Sem uma estratégia competitiva se arrisca o futuro, sem uma operação consistente se arrisca o presente. Mas, cientes de que a estratégia se realiza na operação, e que implica mudanças nessa, podemos afirmar que a única resposta lógica, coerente, é trabalhar em ambas as frentes. Mas como? Separando os papéis, sejam com pessoas distintas ou agendas reservadas. Alguns devem pensar e planejar o futuro, enquanto outros devem cuidar do dia a dia. Cabe aos dirigentes de mais alto nível o papel de pensar e planejar o futuro, ou seja, definir as estratégias competitivas. Por sua vez, cabe aos gestores de nível médio a condução da rotina (operação), entregando os resultados planejados para o dia a dia e implementando as mudanças necessárias à manutenção e melhoria de resultados no futuro. Se eventualmente essas funções couberem à mesma pessoa, então essa deve dedicar agenda específica a cada um dos papéis.

Mas se isso está claro e certo, então onde está a dificuldade em responder à questão reflexiva que abre esta discussão? Em empresas bem estruturadas, com papéis bem definidos e distribuídos entre dirigentes e gestores, essa pretensa dificuldade não deveria existir. Mas esse não é o caso geral. Em muitas empresas esses papéis confundem-se, como em empresas com perfil familiar e muitas empresas pequenas e médias. Mesmo em empresas de grande porte, com funções bem definidas, não é incomum dirigentes voltados aos problemas do dia a dia. O quê fazer? Precisamos entender por que isso ocorre.

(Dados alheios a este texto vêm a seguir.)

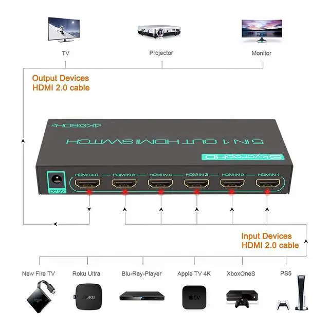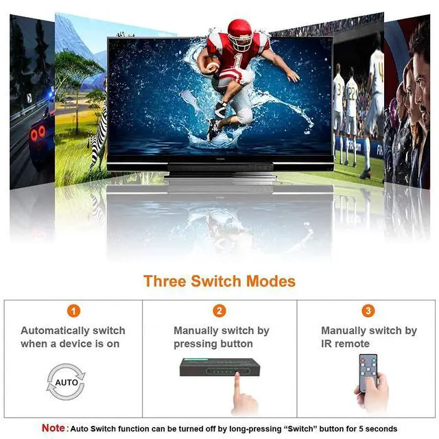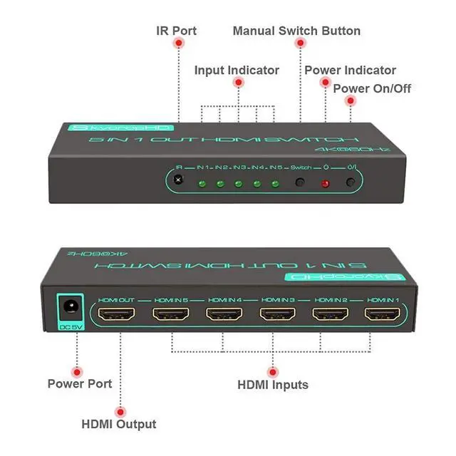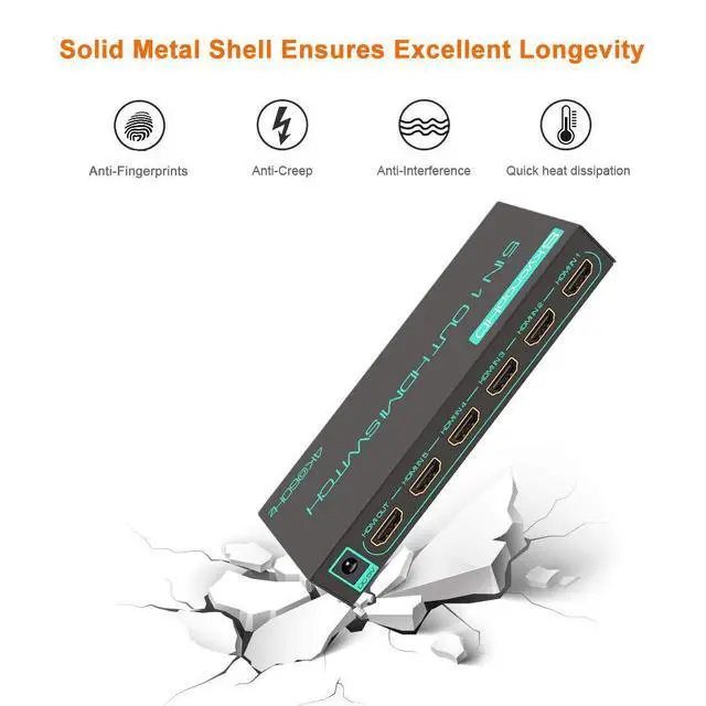 ![]() 4K@120Hz 4x1 HDMI Switch | ![]() 4K@120Hz 4x1 HDMI Switch | ![]() 4K@60Hz 5x1 HDMI Switch | ![]() 4K@60Hz 5x1 HDMI Switch with Audio Extractor | ![]() 4K@60Hz 5x1 HDMI Switch | |
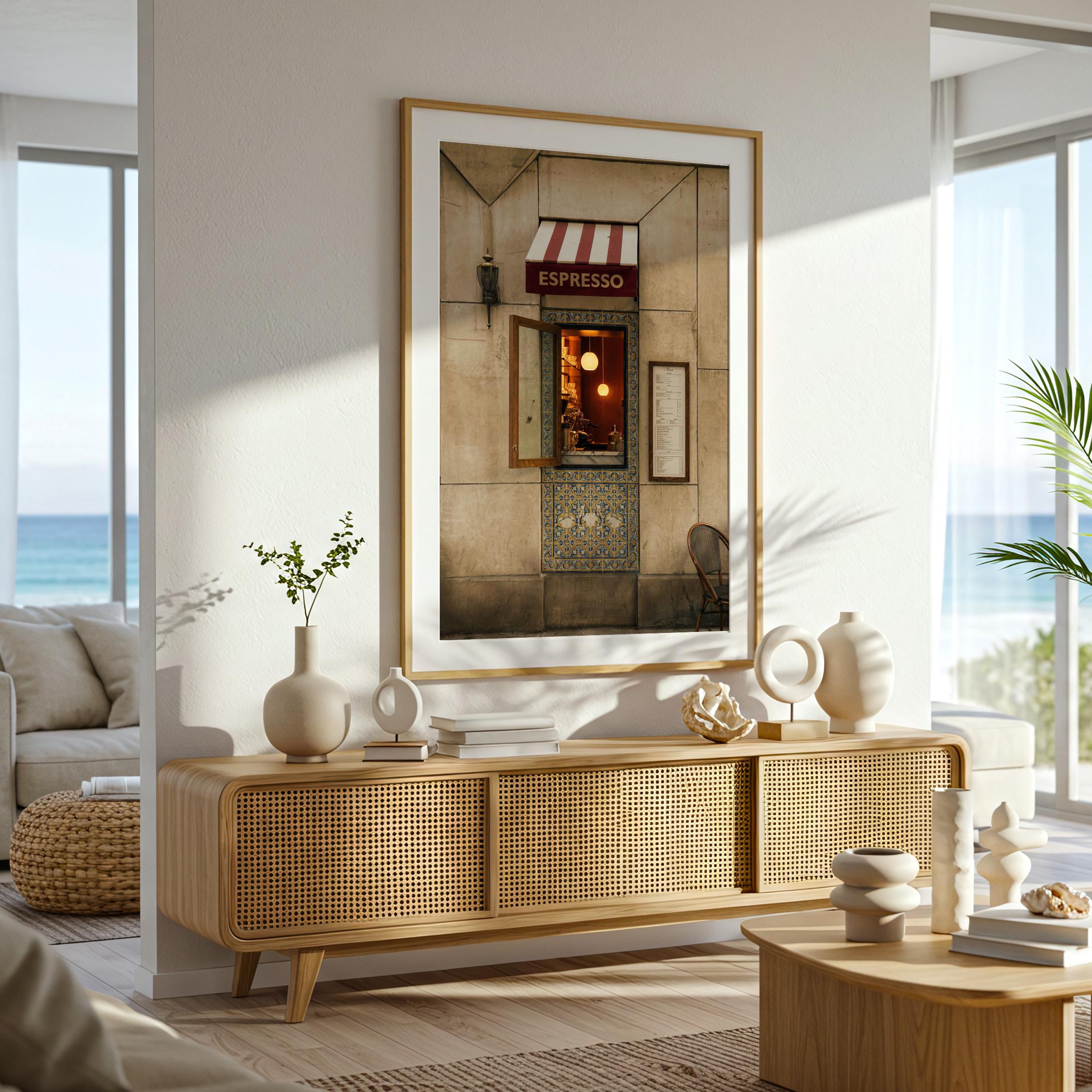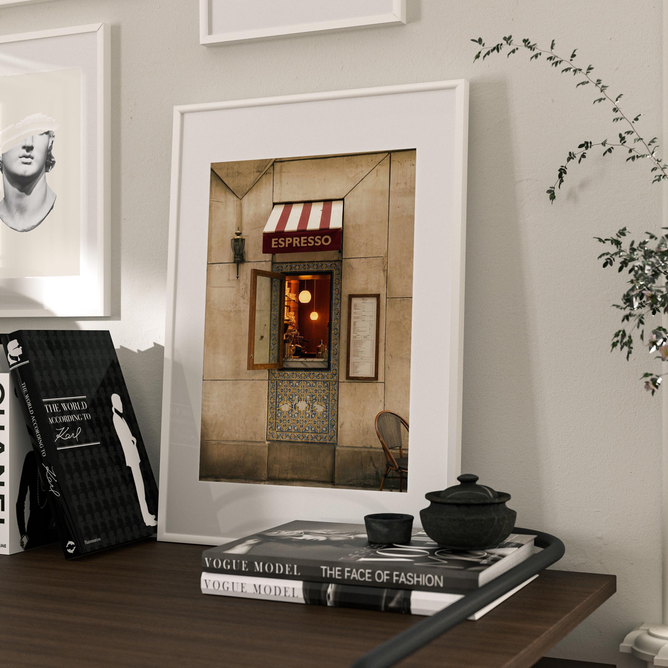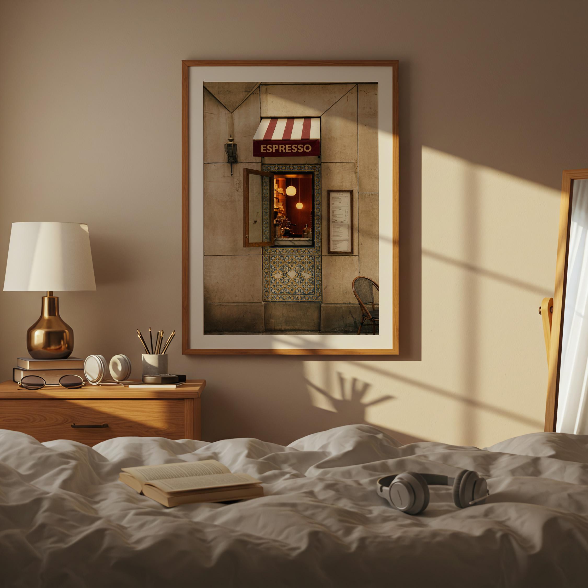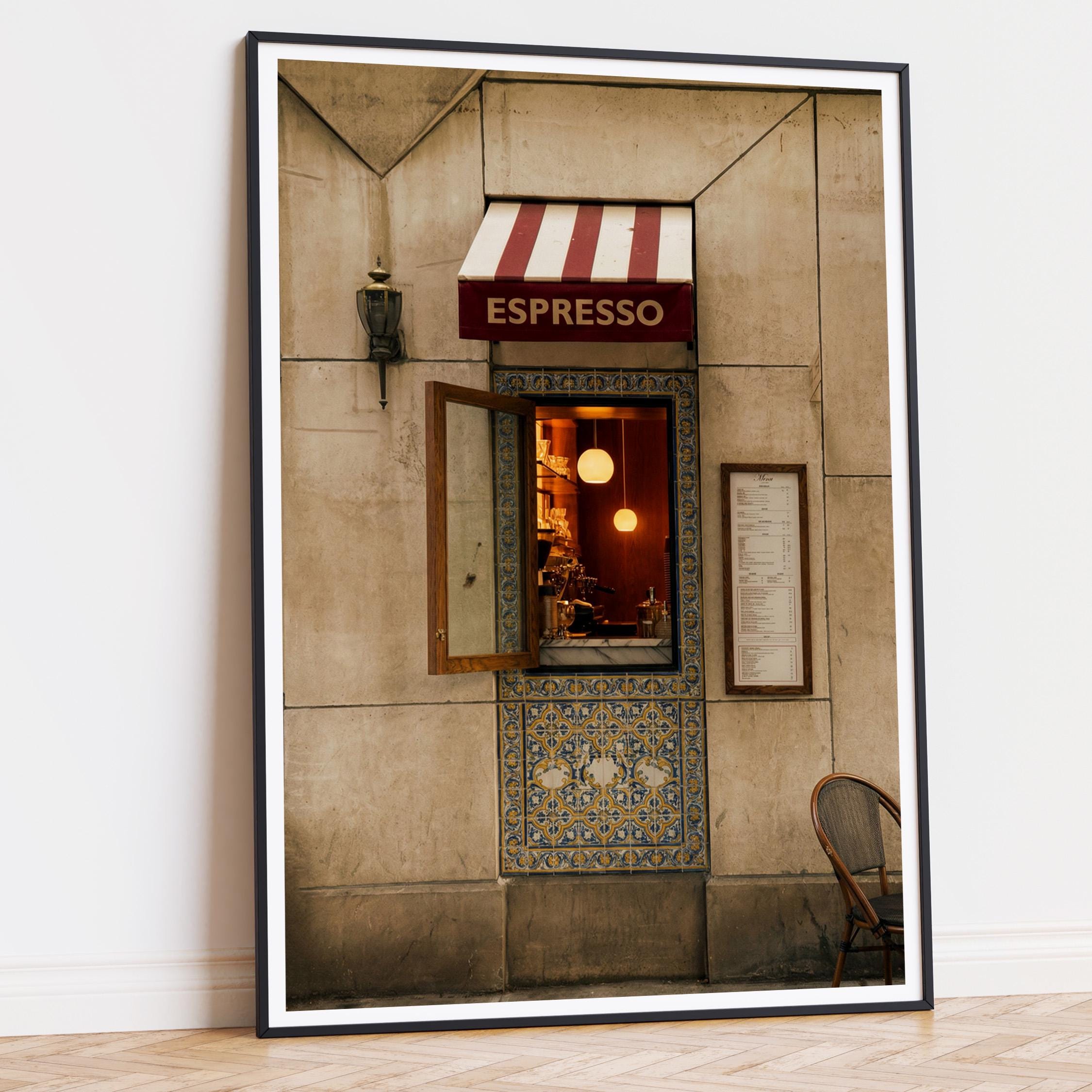 A small espresso bar somewhere in Italy. This print captures the quiet charm of an Italian café window at golden hour. It feels local, intimate, and timeless — like a quick stop for coffee in Rome, Florence, or a tucked-away street in Naples.
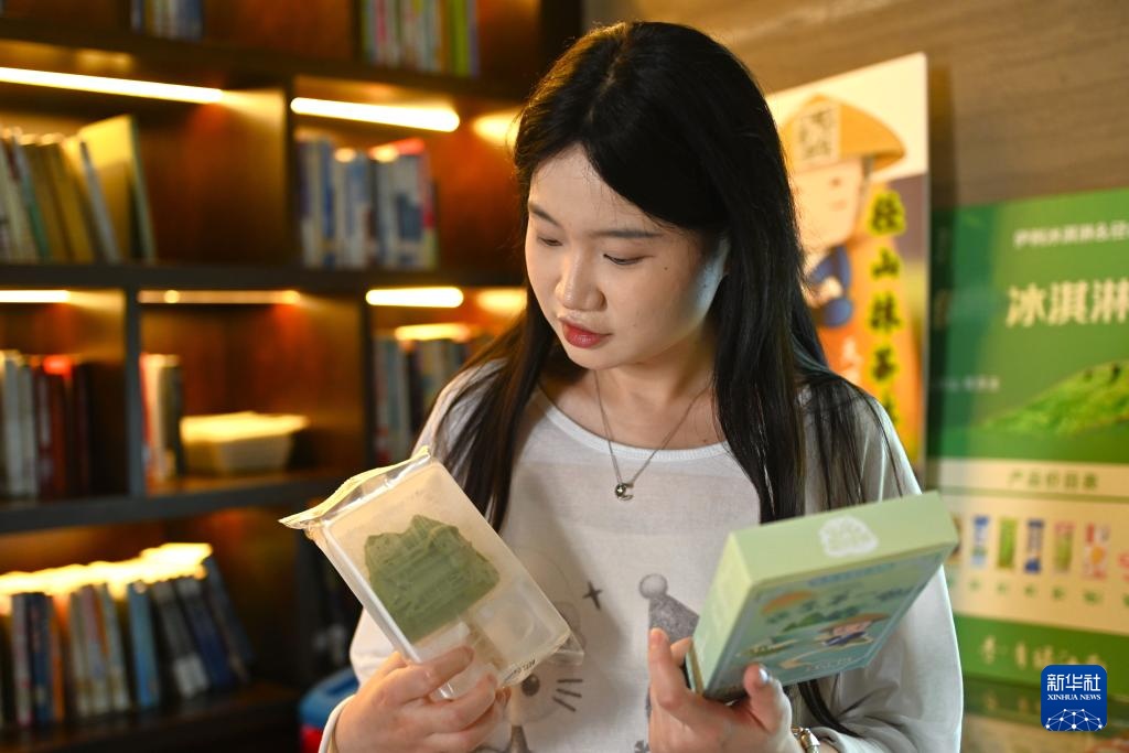 8月5日,在浙江省杭州市余杭区径山村,一名游客购买径山茶文创雪糕。
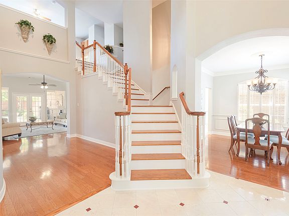 Meticulously maintained 4-bedroom, 3.5-bath home in a highly desired neighborhood. From the moment you arrive, pride of ownership is evident with beautifully landscaped grounds and mature shade trees. Step inside to an open floor plan featuring a dramatic entry with a winding staircase and soaring ceilings that create a grand first impression. The home office offers built-ins, rich wood flooring, and a ceiling fan, while the elegant dining room is highlighted by crown molding, chair rail detail, and plantation shutters. The updated gourmet kitchen is a chef’s delight with striking granite countertops, farmhouse sink, white cabinetry, designer tile flooring, walk-in pantry, and a built-in desk. The secluded master suite, tucked away downstairs, features a bay window overlooking the sparkling pool, wood flooring, and a spa-inspired bath with updated tile, jetted tub, separate shower, and a spacious walk-in closet. Upstairs, you’ll find a large game room perfect for family entertainment, plus three generously sized bedrooms. One bedroom includes a private bath, while the other two share a Jack-and-Jill layout. Step outside to your backyard retreat—complete with a large covered patio and a refreshing pool. An electric gate opens up the backyard, creating even more space for entertaining.
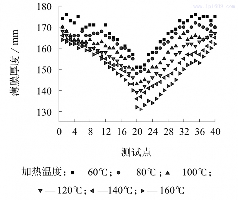 由圖 4 和表 1 可以看出,隨著加熱溫度的升 高,高壓成型件壁厚的減薄率越來越大,最小減薄 率發生在 60°C時,最小減薄率為 29.6% ;最大減薄 率發生在 160°C時,最大減薄率為 47.6%。在高壓 成型件的成型高度最高處,60°C下成型后的厚度為 0.151 mm,160°C下的厚度為 0.131 mm,由此可見, 溫度對高壓成型件壁厚的影響較大。
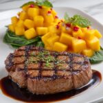 This recipe for Grilled Tuna Steaks with Mango Chutney offers a delicious and vibrant tropical meal that’s perfect for summer grilling. Tender tuna steaks are seasoned with a flavorful blend of lime, olive oil, smoked paprika, and optional cayenne pepper, then grilled to a perfect medium-rare. The dish is finished with a sweet and tangy mango chutney and fresh cilantro or parsley garnish, creating a harmonious balance of smoky, spicy, and fruity flavors.
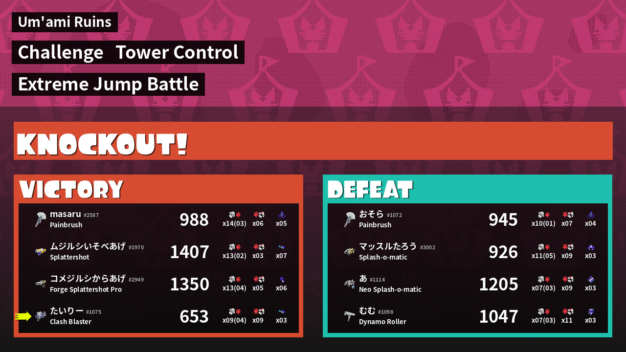| Medals | #1 Splat Assister #1 Checkpoint Breaker #1 Ink Consumer | ||

Primeiramente devemos compreender que é da natureza humana evitar riscos, neste caso, o equivalente a evitar atuar fora da área de competências. Assim é que muitos dirigentes, quando levados a esse posto mais elevado na estrutura organizacional, permanecem com sua atenção e ações no dia a dia. É ali que se sentem confortáveis, é onde desenvolveram competência e, portanto, sabem como agir. Pensar o futuro, analisar o ambiente de competição, traçar estratégias competitivas que diferenciem a empresa dos concorrentes, é algo novo. Há uma curva de aprendizado a ser respeitada, que começa com a percepção da necessidade de se apreender práticas e métodos de formulação estratégica, e passa por um esforço extra para adquirir novas competências e por uma atitude de assumir riscos.

Em segundo lugar, há a necessidade de obter resultados no dia a dia. Conselhos de administração (no caso de grandes empresas) ou os donos do negócio (em pequenas empresas, muitas vezes o próprio dirigente que também exerce a função de gestor), exigem retorno sobre seus investimentos, o que vem da operação. Assim, quando os resultados não acontecem como esperado, há a tendência de todos em “apagar incêndios”, todos viram “bombeiros”. Tudo bem se o incêndio é de grandes proporções, é preciso salvar o negócio (apagar o incêndio) antes de pensar no futuro. Contudo, com grande frequência o incêndio se instala pela falta de mudanças no dia a dia que levem a resultados melhores no futuro. Esse é o papel da estratégia, estabelecer mudanças importantes antes que elas se tornem urgentes ou até tardias.

Ambas as situações, aquisição de novas competências (apreender boas práticas sobre estratégia) e implantação de mudanças (assumir riscos e enfrentar resistências), exigem sair da zona de conforto. Antes de tudo, é preciso coragem e esforço para enfrentar esses desafios, às vezes humildade para pedir ajuda e, assim, ‘fazer a coisa certa’ sem deixar de ‘fazer certo as coisas’ no dia a dia.